Off on another road trip tomorrow. The Mighty Bug and I will motor south, to dwell for a couple of weeks in a Marriott hotel in North Carolina, instructing folks at a health insurance company on how to program applications for the Web.
But I will miss this:
This is the view from my desk at home here in the office. I think it explains what makes up my life these days. A computer, Black Labs, light, music speakers, a calendar filled to the brim. I stop often, put my feet on the edge of the desk, lean back in the chair and watch those dear lads in that Winslow Homer print ("Breezing Up (A Fair Wind)"). There are white clouds all about, and they are flowing forward in a sailboat called Gloucester. They are barefoot, and peaceful as they make white spray on their journey.
Someone told me once our homes explain who we are. Funny. As I've grown older, the areas of my home most people visit are usually picked up, uncluttered, wiped down, straightened up.
It's a front.
I am very cluttered. Most creatives are. We need lots of silence and solitude to make sense of the chaos in our heads so what we create appears just the way it's supposed to...in computer code or through some story or a photo.
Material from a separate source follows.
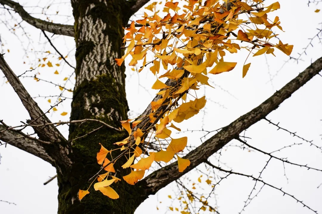 起初是零星的试探,叶尖晕开浅淡的鹅黄,像宣纸上未干的墨,在青灰的屋檐下悄悄洇染。不多时,整树的叶片便褪去青涩,换上澄澈的黄。
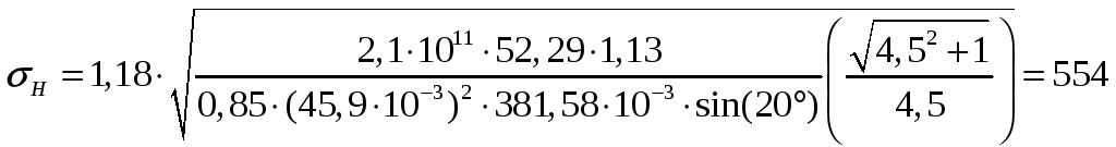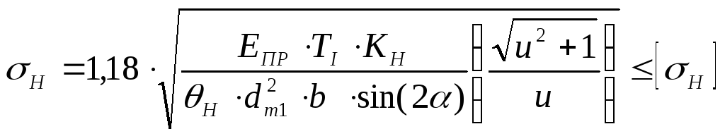 Проверочный расчёт передачи по контактным напряжениям выполняем по формуле:

My office is a mess. It's mine, and I like it that way. Computer cords and small scraps of paper containing notes of new ideas seem to multiply every day. A Staples CD-R acts as a coaster for the always-filled coffee cup. 'Cause that's what creativity is. Chaos is a food group to those who think.
Road trips are good. They offer the supreme gift of privacy, the freedom of not knowing a soul, of being unreachable if you want to be. The gift of invisible movement through life so you have the chance to remember the meaning of it all.